→ **Exercise directions**
Your answer must be the lines from the start of the records through the line with "Direction la gare", exactly as written, without the pictures.
*** Opening of Supplied data ***
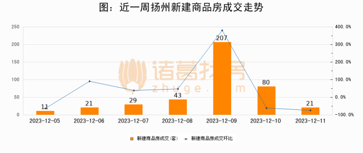 根据扬州市住房和城乡建设局数据显示,2023年12月11日扬州新建商品房成交21套,较昨日减少59套,环比下降73.8%。近一周扬州新建商品房日均成交59套。12月11日单日成交21套,低于近一周平均水平64.4%。
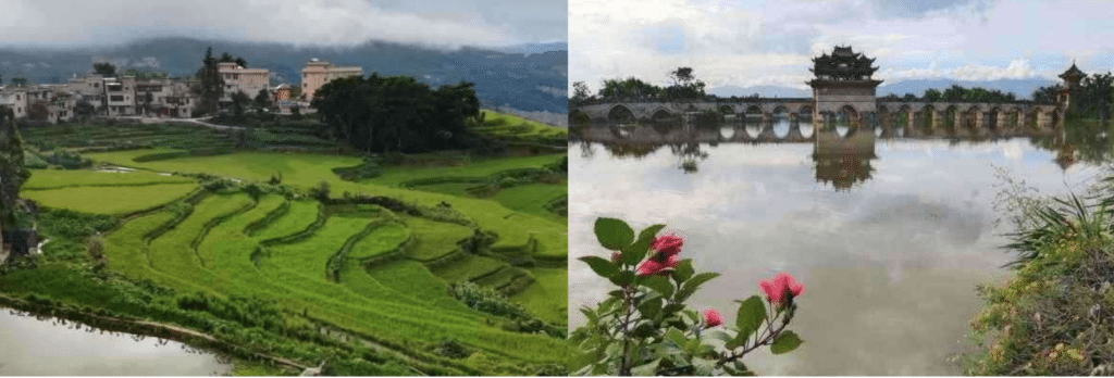 Direction la gare de Kunming Sud pour le train rapide vers Dali (déjeuner dans le train / 2h30 de trajet). Transfert vers la vieille ville de Dali, dynamique, jeune et joviale. La vieille ville abrite notamment une ancienne église catholique. Continuation vers ‘hôtel de charme Jiyisi Xiangju Art, dans un coin tranquille du village Bai de Xizhou, donnant sur la campagne, non loin du lac Erhai. Dîner.
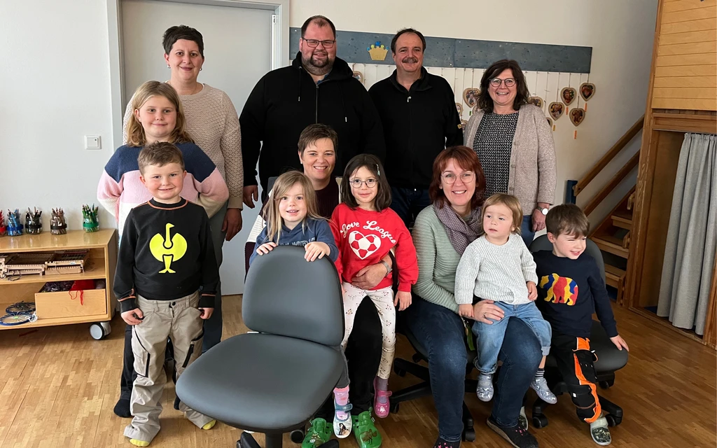 Überrascht wurden die Mitarbeiter der Kita am Montag, 24.11.25 von Brigitte und Roland Ströbel – Firma Elektro Ströbel GmbH, die in diesem Jahr auf Kundengeschenke zu Weihnachten verzichtet hat und stattdessen der Kita 10 ergonomische Erzieherstühle und einen Bürostuhl überreichten. Vielen herzlichen Dank – liebe Familie Ströbel!
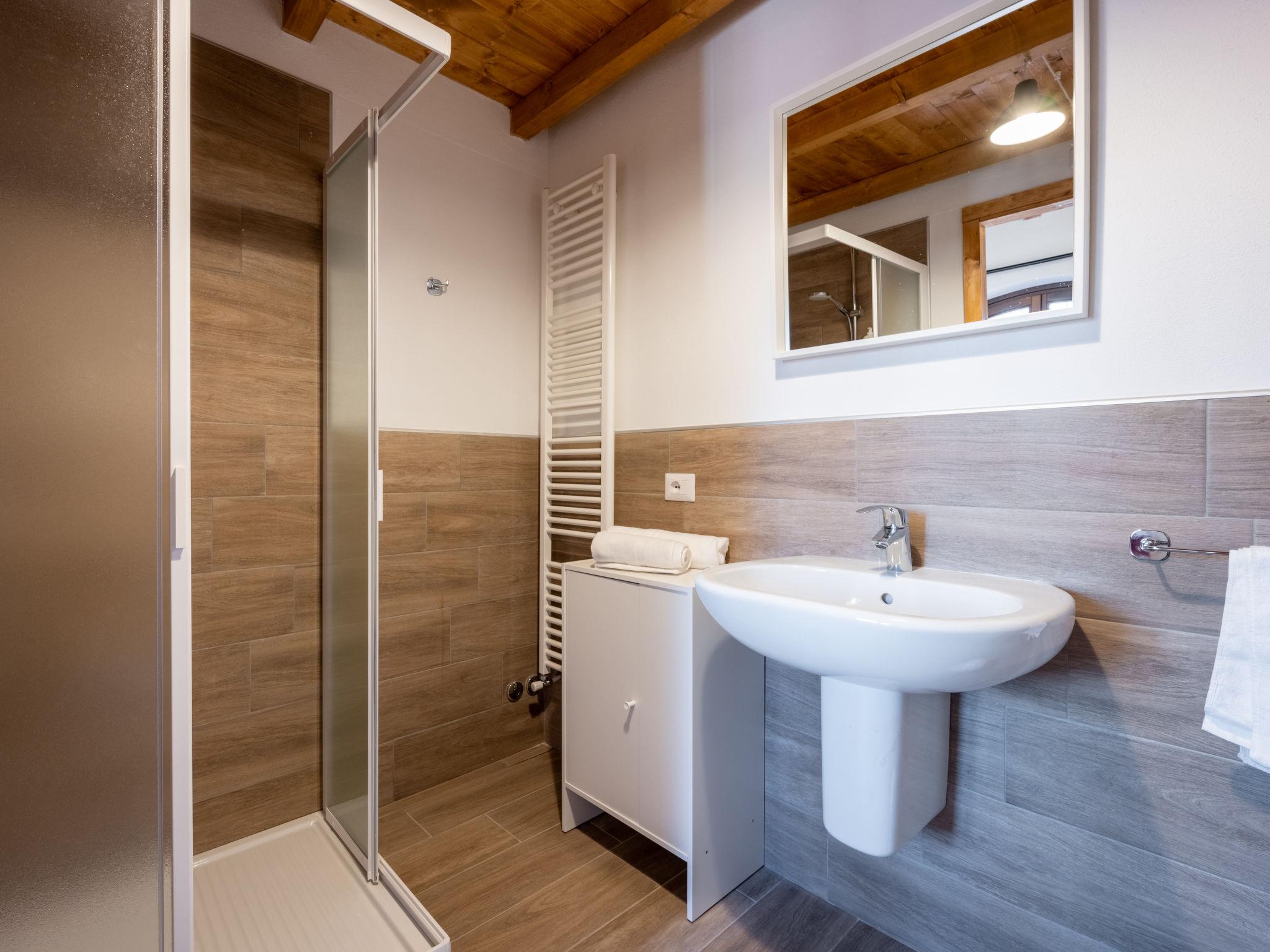 "Il Tiglio", 2-room apartment 60 m2 on 1st floor. Comfortable and modern furnishings: living/dining room with satellite TV. Open mezzanine with sloping ceilings, ceiling height 80 - 170 cm with 1 sleeping facility. 1 double bedroom. Kitchenette (dishwasher, 4 gas rings, microwave, electric coffee machine). Shower/bidet/WC. Heating. Heating available only from 15.10. to 15.04. Small patio. Terrace furniture, deck chairs (2). Facilities: iron, children's high chair, baby cot, hair dryer. Internet (WiFi, free). Please note: maximum 1 pet/ dog allowed. Smoke alarm, fire extinguisher. Instead of an enclosed bedroom, some sleeping areas are located in an open-plan area (gallery, alcove, etc.). IT004130C2L7XX9MPG
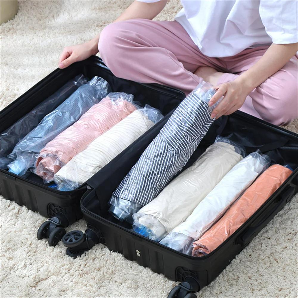 Дорожный багаж, скрученный вручную вакуумный компрессионный мешок, прозрачный мешок для хранения одежды, экономящий место в доме, упаковочный мешок
*** Close of Supplied data ***
→ **Completed task**
 根据扬州市住房和城乡建设局数据显示,2023年12月11日扬州新建商品房成交21套,较昨日减少59套,环比下降73.8%。近一周扬州新建商品房日均成交59套。12月11日单日成交21套,低于近一周平均水平64.4%。
 Direction la gare de Kunming Sud pour le train rapide vers Dali (déjeuner dans le train / 2h30 de trajet). Transfert vers la vieille ville de Dali, dynamique, jeune et joviale. La vieille ville abrite notamment une ancienne église catholique. Continuation vers ‘hôtel de charme Jiyisi Xiangju Art, dans un coin tranquille du village Bai de Xizhou, donnant sur la campagne, non loin du lac Erhai. Dîner.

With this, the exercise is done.